What We Lose

 

We’ve been aware of the gender gap, the pay gap, the leadership gap, and all of the other gaps that face women in life daily. Too often I’m working with women on their leadership or career and they fall into stereotypes of being too passionate, too quiet, too loud, too subdued, too much – and the thing they all have in common? They all have these issues pushed upon them – someone else has called them something.

On the flip side, there are a lot of choices we make personally as women – and for every choice we make, there is a loss. Here are some common choices – and losses – that women go through.

To child or not to child

This one is probably one of the most popular choices that women make – when are you having kids? Notice I wrote “when” and not “if” – that’s the real question, right? Remember that the next time you ask.

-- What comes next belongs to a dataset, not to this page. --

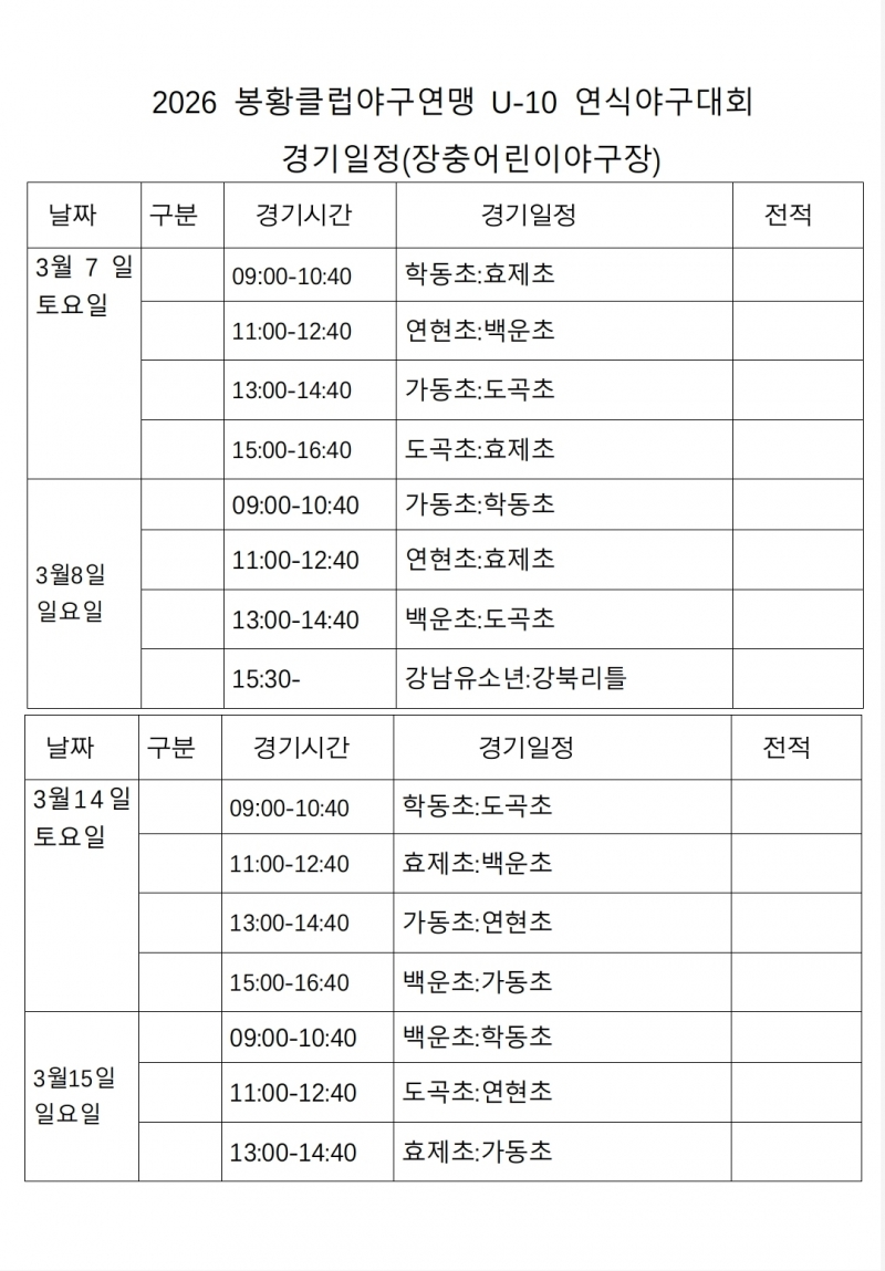 2026 봉황클럽야구연맹 춘계 U-10 연식야구대회(주최:봉황클럽야구연맹)의 일정이 확정되었다.
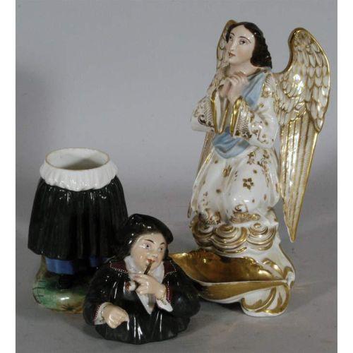 OLD PARIS ANGEL FIGURE together with a FIGURAL HUMIDOR, larger 12" high, both 19th century, CONDITION REPORT: rubs, break on humidor figure's pipe, piece missing in other hand? PACKING AND SHIPPING: We offer packing (double boxed in most cases) and shipping of this item within the Continental United States by USPS or UPS (our choice- boxes over 30lbs or oversized may be recalculated based on buyer's location), NOT INCLUDING INSURANCE (it will be added when we know the sales price) for $40

As for having children – think about what you lose having – or not having – kids. We are childfree by choice, and appreciate our freedom, our celebration of our lives with our dogs, and our little family. One of my closest friends is trying to have children so hard it hurts – and another can’t believe I would choose not to have kids. All of us think the other has a “loss” and in truth – we have what we want.

I do…or don’t?

Ah, marriage. What do you lose when you gain a spouse? If you choose to not get married, you can chase your needs, goals, career, adventures – you don’t need to check in with anyone, you can make all the decisions on dinner, living arrangements, decoration – you name it, it’s yours.

On the flip side, being single might not be the most fun – after being perpetually single for years after my first marriage ended in a nasty divorce, I loathed going on dates and being the third or fifth wheel when I was out with my friends. Also, selfishly, I hated being the only person to clean up, make dinner, decide on dinner, and more.

Career Chaser or Chooser?

Going after your career with a passion and intensity will lead to a lot of sacrifices – when I was single, I was traveling 5-7 times a month, all over the nation. Sounds fun, right? Now picture a lot of hotel time watching bad cable because your body is confused about the time, elevation and location – and you have to prep for the meetings and presentations the next day. But you can sneak out and get great food, and you are an absolute BOSS.

If you’re a bit more choosy with your time, you might not be the person that hops a plane or works those 14-hour days to advance the thing that very well may never advance. If you aren’t following a career, what are you choosing to follow? That isn’t to say you are career or nothing – but many people fill time with career or family. And many women are called upon to make that choice and accept that loss, whatever it is.

Passive or Assertive?

This one is TOUGH – when we are passive, we are that fantastic person that goes with the flow and follows along with everyone else. How wonderful to have someone so flexible! But what about what you want? That question isn’t often asked if you’re always choosing to be the person that just rolls with it.

At the same time, asserting yourself as a woman means you’re advocating for your wants and needs – but – speaking up will get you deemed difficult in a lot of circles. What do you lose when you keep yourself first?

In the end, all of these decisions have to be made by YOU – understanding all possible losses. Just don’t lose sight of your gain.